CVE-2025-62722 is a Stored Cross-Site Scripting (XSS) vulnerability identified in Kovah LinkAce, a self-hosted web application designed to archive and share website links. The flaw exists in versions 2.3.1 and earlier within the social media sharing functionality. Specifically, the vulnerability arises because the application fails to properly neutralize input in the title field of links when generating web pages. An authenticated user can create a link with malicious HTML/JavaScript embedded in the title. When other users access the link details page, the malicious script executes in their browsers. This execution can lead to theft of session cookies, unauthorized actions performed on behalf of users, or delivery of malware payloads. The vulnerability affects multiple sharing services integrated into LinkAce, broadening the attack surface. Exploitation requires the attacker to have authenticated access to create malicious links but does not require victim interaction beyond viewing the infected page. The vulnerability has a CVSS 4.0 base score of 8.7, reflecting its high severity due to network attack vector, low attack complexity, no privileges required beyond authentication, no user interaction needed, and high impact on confidentiality and integrity. The issue was publicly disclosed on November 4, 2025, and fixed in LinkAce version 2.4.0. No known exploits have been reported in the wild to date, but the potential impact on user sessions and data integrity is significant.

For European organizations using self-hosted LinkAce instances, this vulnerability poses a serious risk to the confidentiality and integrity of user sessions and data. Attackers with authenticated access can inject malicious scripts that execute in the browsers of other users, potentially leading to session hijacking, unauthorized actions, or malware infections. This could result in data breaches, loss of user trust, and operational disruptions. Since LinkAce is often used to manage and share curated link collections, exploitation could also facilitate phishing or further lateral attacks within an organization. The impact is heightened in environments where LinkAce is integrated with sensitive workflows or where multiple users have access to the platform. Given the vulnerability affects multiple social media sharing services, the risk extends to external exposure if links are shared beyond the organization. The lack of known exploits in the wild provides a window for proactive mitigation, but the high CVSS score underscores the urgency of patching.

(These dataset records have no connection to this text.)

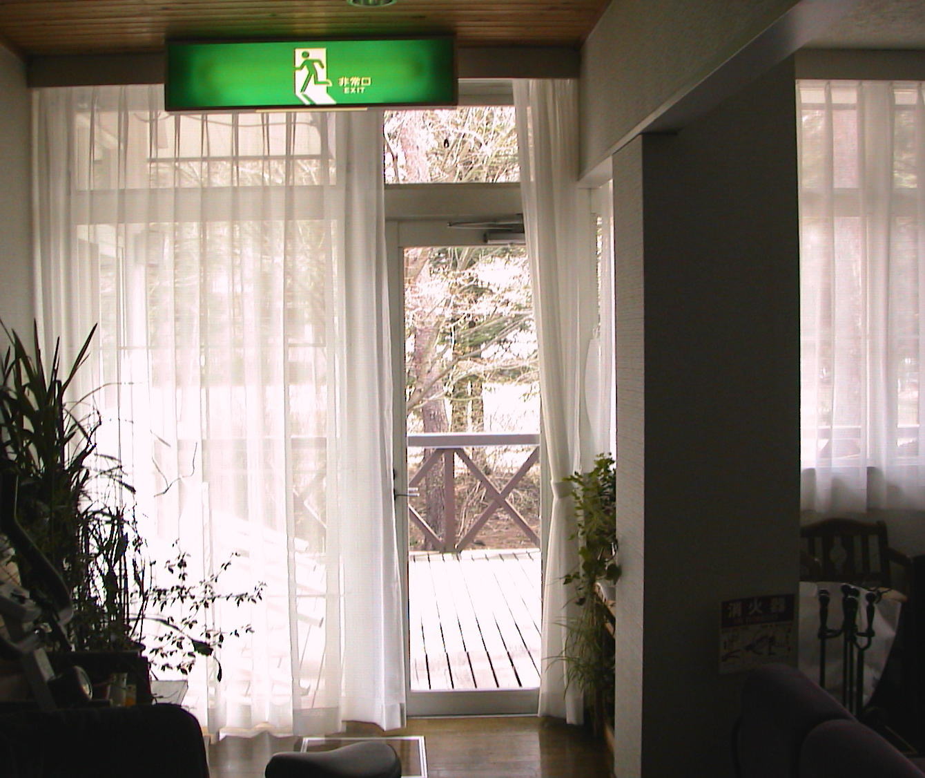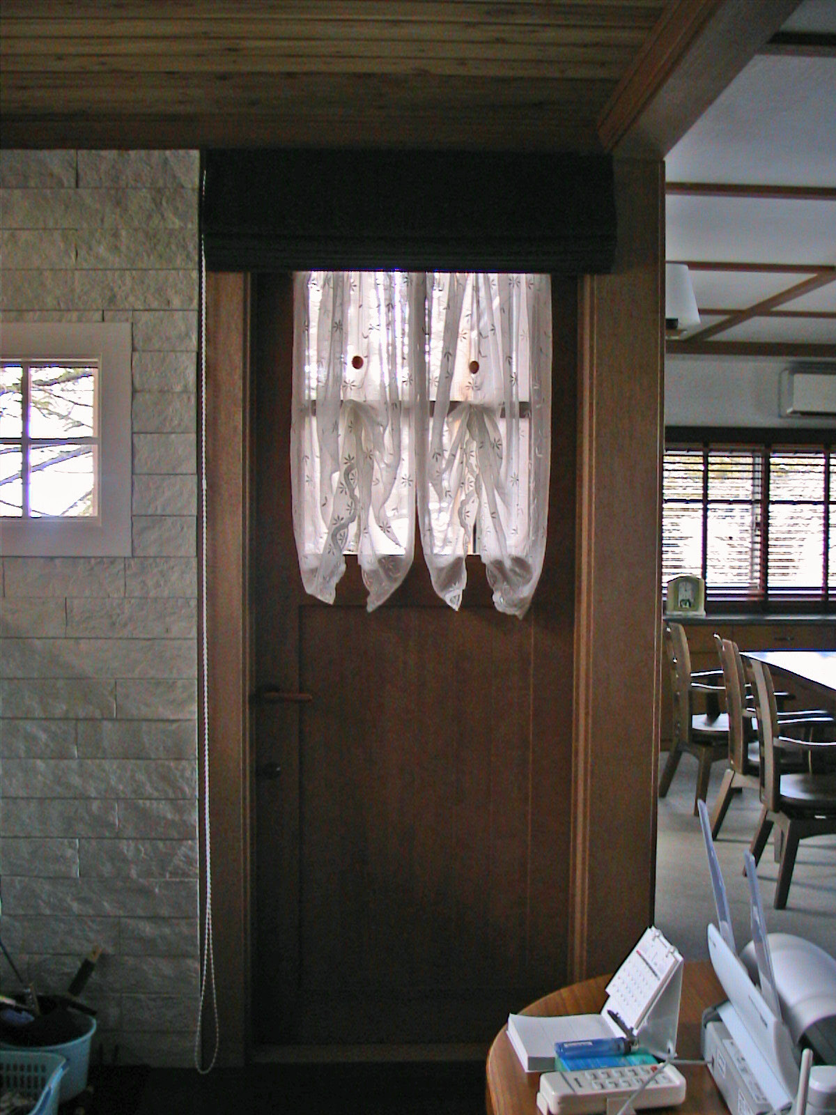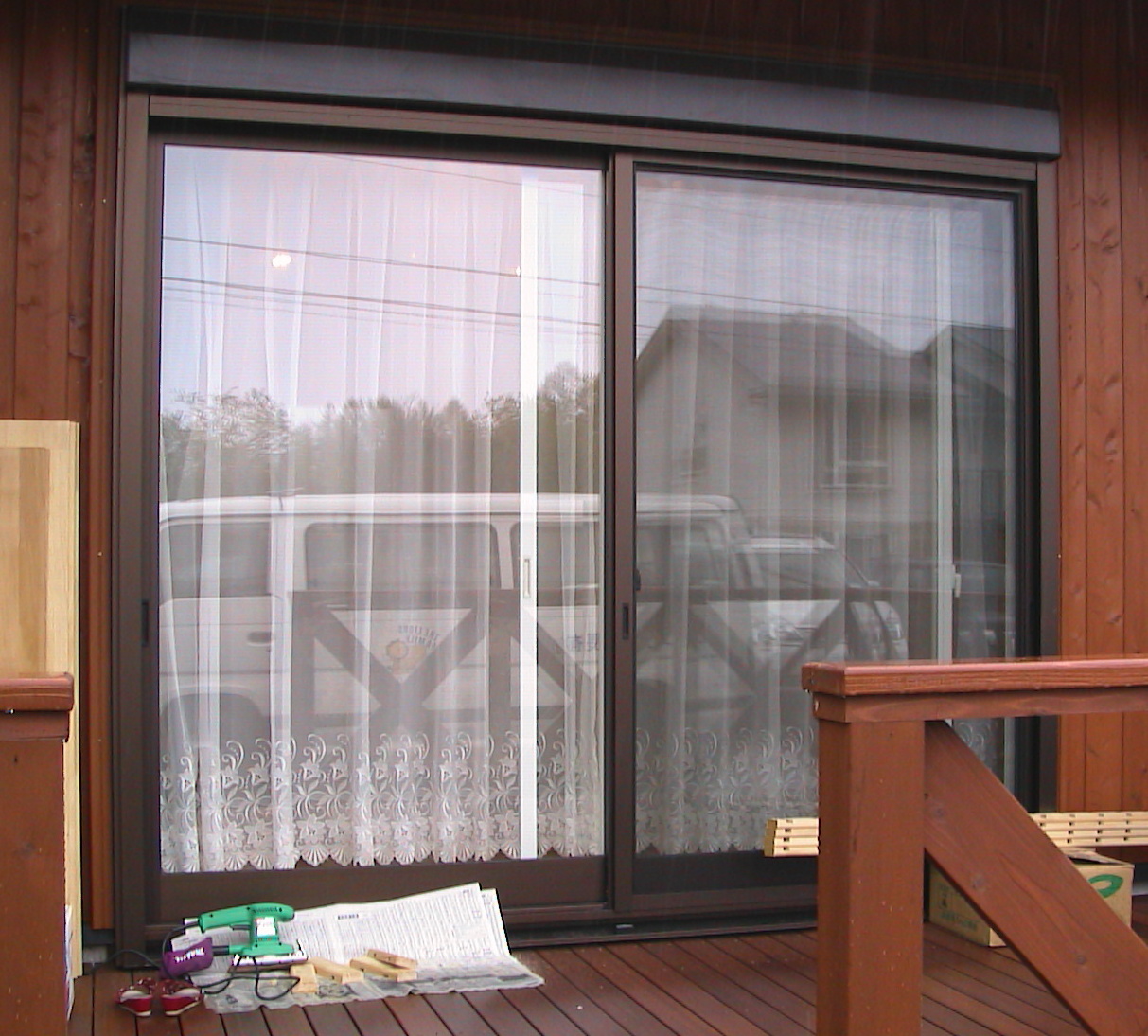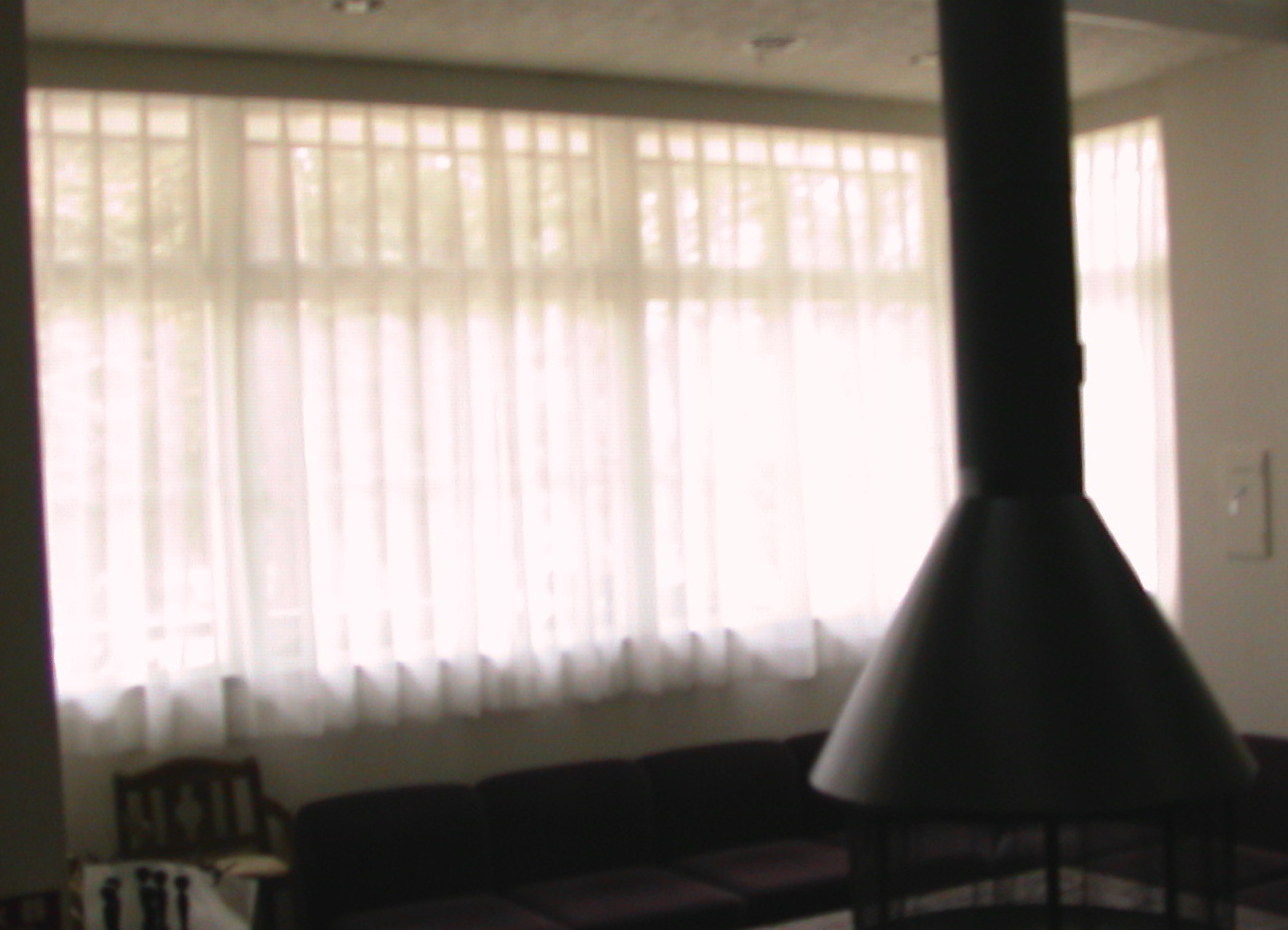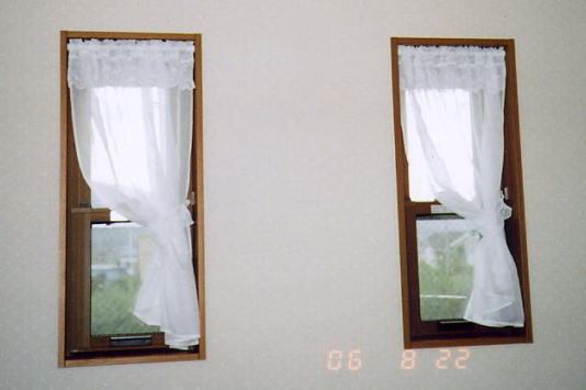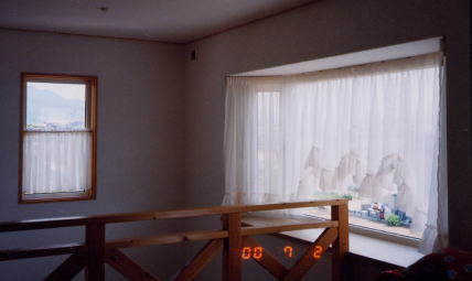 ボイルレースをリフレ ホワイトレールと テンションポールで下げました。 2F 吹抜けなのでドレープは無し。 |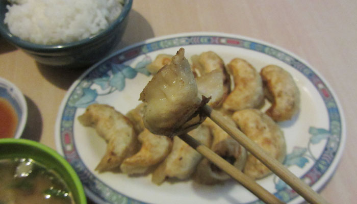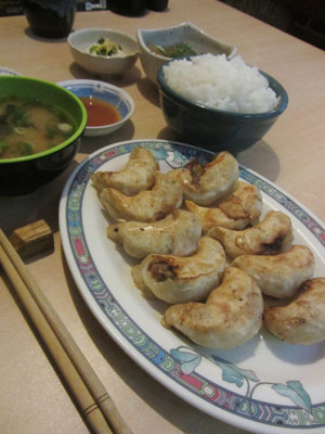 まずは、宿近くにある日本食屋<桃太郎>へ行き、餃子をオーダー。食べ終わってまだ食えそうだった続けてカレーを頼むつもりで、まず運ばれてきた餃子を食べてたら・・・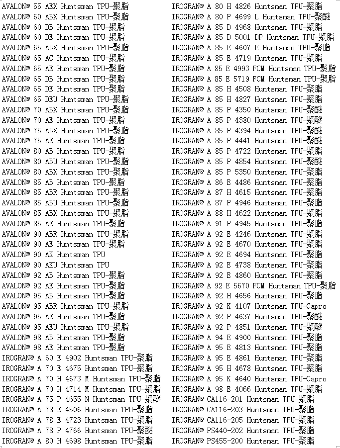 IROGRAN是亨斯邁熱塑性聚氨酯(TPU)系列產(chǎn)品的注冊(cè)商標(biāo)。IROGRAN系列TPU材料性能卓越,即使在極端環(huán)境條件下也能保持優(yōu)異的性能,因此在業(yè)內(nèi)樹立了良好的口碑。 | |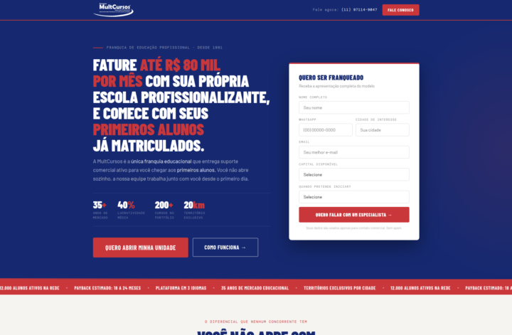 Descrição do site: O site Franquia MultCursos apresenta uma proposta voltada ao empreendedorismo no setor educacional, oferecendo a oportunidade de investimento em uma rede de cursos profissionalizantes já estruturada. A página destaca o potencial de crescimento do mercado de educação no Brasil, posicionando-o como um segmento promissor para quem deseja abrir o próprio negócio. A proposta da franquia está baseada em um modelo que combina ensino presencial e online, com metodologia própria e foco na capacitação prática de alunos de diferentes perfis, desde jovens até adultos em busca de qualificação profissional. O site enfatiza que o franqueado recebe suporte completo, incluindo treinamento, orientação operacional e acesso a uma estrutura já testada no mercado, o que reduz parte das dificuldades comuns de iniciar um negócio do zero. Também são apresentados os requisitos desejados para o investidor, como perfil empreendedor, afinidade com a área educacional e capacidade de investimento, além da importância do envolvimento ativo na gestão da unidade. Outro ponto relevante é a variedade de cursos oferecidos pela rede, abrangendo áreas como informática, gestão, idiomas e preparatórios, o que amplia o público-alvo e as possibilidades de receita da franquia. De forma geral, o site posiciona a MultCursos como uma opção acessível para quem deseja empreender na educação, combinando modelo de negócio estruturado, suporte contínuo e foco na empregabilidade dos alunos como diferencial competitivo.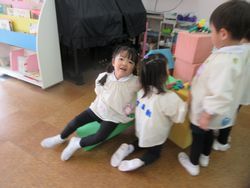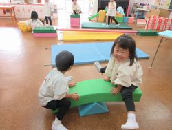 2人いないと遊べないので、「○○ちゃん、一緒にやろう」と自然と誘い合って遊んでいます。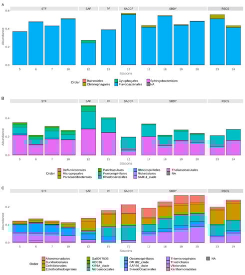 Within the Bacteroidota, the Bacteroidia class was the most abundant among the stations influenced by the STF, SACCF, and RSCS, with average reads assigned of 36.91%, 57.16%, and 55.64%, respectively, while the stations influenced by the SAF, SPF, and SBDY, had an average of reads assigned equal to 27.36%, 38.92%, and 33.80%, respectively. At the order level, Flavobacteriales represent the most abundant order, similarly distributed in all stations (Figure 3A), with the exception of station 12 (influenced by the SAF front), with an average of reads assigned of 44.43%, 38.66%, 55.06%, 46.59%, 45.91%, and 24.36% to the stations influenced by STF, SPF, SACCF, SBDY, RSCS, and SAF, respectively.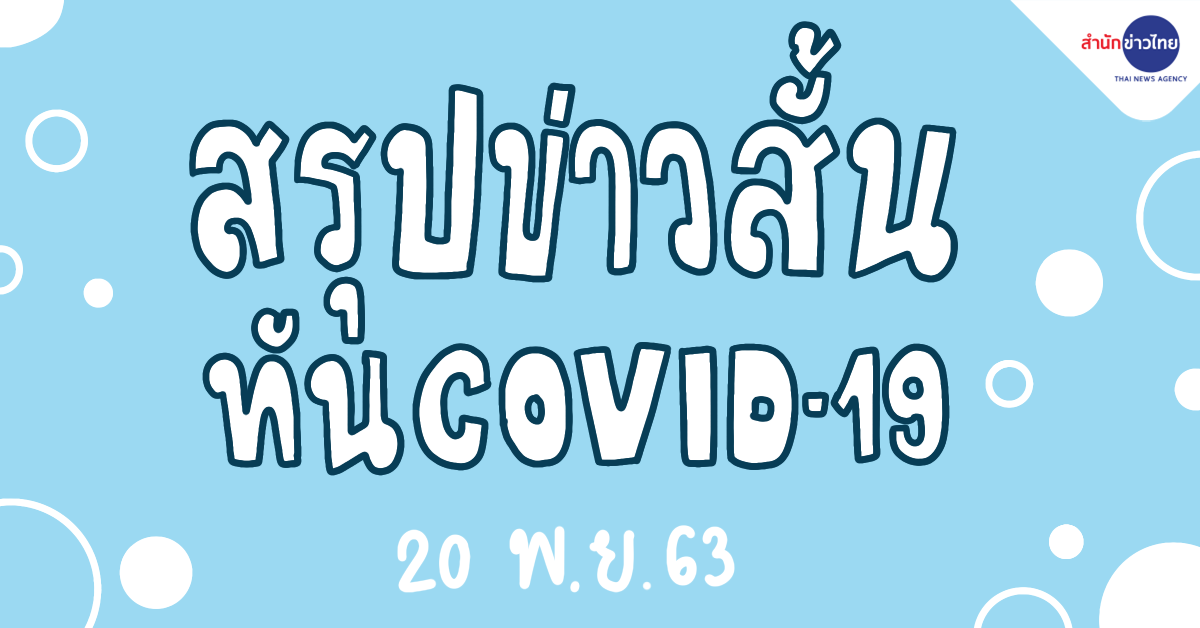 สำนักข่าวไทย 20 พ.ย. 63 – สถานการณ์การติดเชื้อ COVID-19 ประเทศไทย พบผู้ป่วยรายใหม่ 4 ราย ผู้ป่วยยืนยันสะสม 3,892 ราย หายป่วยแล้ว 3,745 ราย เสียชีวิตสะสม 60 ราย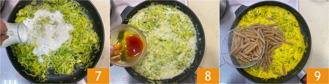 Versez la crème de soja dans la poêle 7 et poursuivez la cuisson pendant encore 5 minutes. Dissolvez les sachets de safran avec une louche d'eau de cuisson des pâtes, ajoutez-les aux poireaux 8 et mélangez. Égouttez les pâtes al dente et transférez-les dans la poêle 9.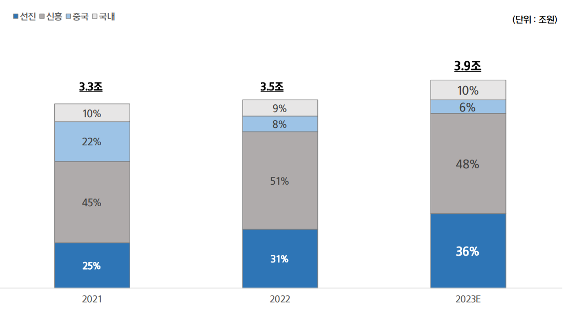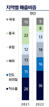 중국의 22년 코로나봉쇄로 인한 경기둔화로 매출비중 줄어듬. 다만, 선진국인 북미, 유럽 시장 호조와 신흥국 인도, 브라질의 상승으로 수혜를 만회함.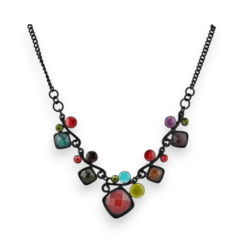 Ce magnifique collier fantaisie de la marque Ikita allie élégance et originalité. Monté sur une chaîne en métal noir, il est orné de différentes pierres colorées aux formes variées qui lui confèrent un style ethnique chic. Avec sa hauteur de 22 cm et sa rallonge de 7 cm, il s'adaptera parfaitement à votre cou pour sublimer vos tenues du quotidien comme vos looks de soirée. Un bijou tendance qui ne passera pas inaperçu !

1. Upgrade all LinkAce instances to version 2.4.0 or later immediately to apply the official fix. 2. Restrict authenticated user permissions to only trusted personnel to minimize the risk of malicious link creation. 3. Implement web application firewalls (WAFs) with rules to detect and block common XSS payloads targeting LinkAce endpoints. 4. Conduct regular audits of link titles and shared content for suspicious HTML or JavaScript code. 5. Educate users about the risks of clicking on shared links within LinkAce and encourage reporting of unusual behavior. 6. Where possible, isolate LinkAce instances within secure network segments to limit exposure. 7. Monitor logs for unusual activity related to link creation and access patterns. 8. Consider deploying Content Security Policy (CSP) headers to restrict script execution sources on LinkAce pages. These steps go beyond generic advice by focusing on access control, monitoring, and layered defenses specific to the application context.